How does it work?
FrankWolfe.jl
contains generic routines to solve optimization problems of the form
\[\min_{x \in \mathcal{C}} f(x)\]
where $\mathcal{C}$ is a compact convex set and $f$ is a differentiable function. These routines work by solving a sequence of linear subproblems:
\[\min_{x \in \mathcal{C}} \langle d_k, x \rangle \quad \text{where} \quad d_k = \nabla f(x_k)\]
Linear Minimization Oracles
The Linear Minimization Oracle (LMO) is a key component, which is called at each iteration of the FW algorithm. Given a direction $d$, it returns an optimal vertex of the feasible set:
\[v \in \arg \min_{x\in \mathcal{C}} \langle d,x \rangle.\]
Custom LMOs
To be used by the algorithms provided here, an LMO must be a subtype of FrankWolfe.LinearMinimizationOracle
and implement the following method:
compute_extreme_point(lmo::LMO, direction; kwargs...) -> v
This method should minimize $v \mapsto \langle d, v \rangle$ over the set $\mathcal{C}$ defined by the LMO. Note that this means the set $\mathcal{C}$ doesn't have to be represented explicitly: all we need is to be able to minimize a linear function over it, even if the minimization procedure is a black box.
Pre-defined LMOs
If you don't want to define your LMO manually, several common implementations are available out-of-the-box:
- Simplices: unit simplex, probability simplex
- Balls in various norms
- Polytopes: K-sparse, Birkhoff
You can use an oracle defined via a Linear Programming solver (e.g. SCIP
or HiGHS
) with MathOptInferface
: see FrankWolfe.MathOptLMO
.
Finally, we provide wrappers to combine oracles easily, for example in a product.

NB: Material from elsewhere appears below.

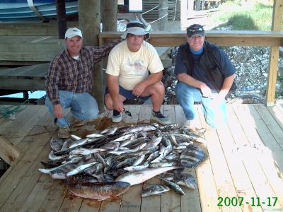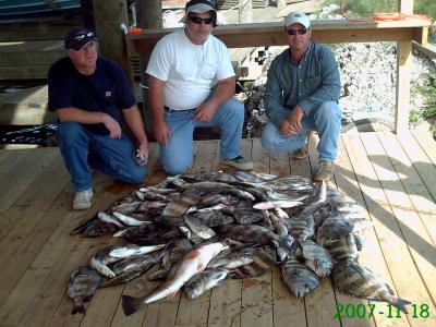 Lots of fun and lots of fish this weekend on the Beach. I had the pleasure of fish with Pat Driver, Cecil Bolton, and Bill Klutz both Saturday and Today. They were part of a large group that spent the weekend at the lodge. Saturday things started off kind of slow. We made a bunch of moves picking up a few fish at each. We then jumped on into the Biloxi Marsh, made one stop and done. The Trout were aggressive and nailing the Campo's live shrimp under a cork along with Bayou Chubs and DOA shrimp. Total for day one was 100 Trout, 2 Reds, 1 Drum, 1 Flounder, and 25 Sheepshead.

See Combettes, Pokutta (2021) for references on most LMOs implemented in the package and their comparison with projection operators.
Optimization algorithms
The package features several variants of Frank-Wolfe that share the same basic API.

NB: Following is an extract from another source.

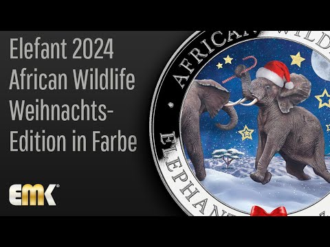 The Christmas Edition Somalia Elephant 2024 from the popular African Wildlife Series was struck from one ounce of 99.99% pure silver and is placed in a Christmas snow globe. The African Wildlife Series is characterized by an annually changing motive and is very popular worldwide. The motive shows two male elephants fighting with each other. A snowy African steppe, a variety of golden stars and a few candy canes are depicted in the background. The edge features the inscriptions "AFRICAN WILDLIFE" and "ELEPHANT" as well as the weight "1 oz" and the fineness "Ag 999.9". The reverse shows the Somali national coat of arms as well as the inscription "SOMALI REPUBLIC 2024 100 SHILLINGS". The capsuled Christmas coin is the ideal gift idea !

Most of the algorithms listed below also have a lazified version: see Braun, Pokutta, Zink (2016).
Standard Frank-Wolfe (FW)
It is implemented in the frank_wolfe
function.
See Jaggi (2013) for an overview.
This algorithm works both for convex and non-convex functions (use step size rule FrankWolfe.Nonconvex()
in the second case).
Away-step Frank-Wolfe (AFW)
It is implemented in the away_frank_wolfe
function.
See Lacoste-Julien, Jaggi (2015) for an overview.
Stochastic Frank-Wolfe (SFW)
It is implemented in the FrankWolfe.stochastic_frank_wolfe
function.
Blended Conditional Gradients (BCG)
It is implemented in the blended_conditional_gradient
function, with a built-in stability feature that temporarily increases accuracy.
See Braun, Pokutta, Tu, Wright (2018).
Pairwise Frank-Wolfe (PFW)
It is implemented in the pairwise_frank_wolfe
function. See Lacoste-Julien, Jaggi (2015) for an overview.
Blended Pairwise Conditional Gradients (BPCG)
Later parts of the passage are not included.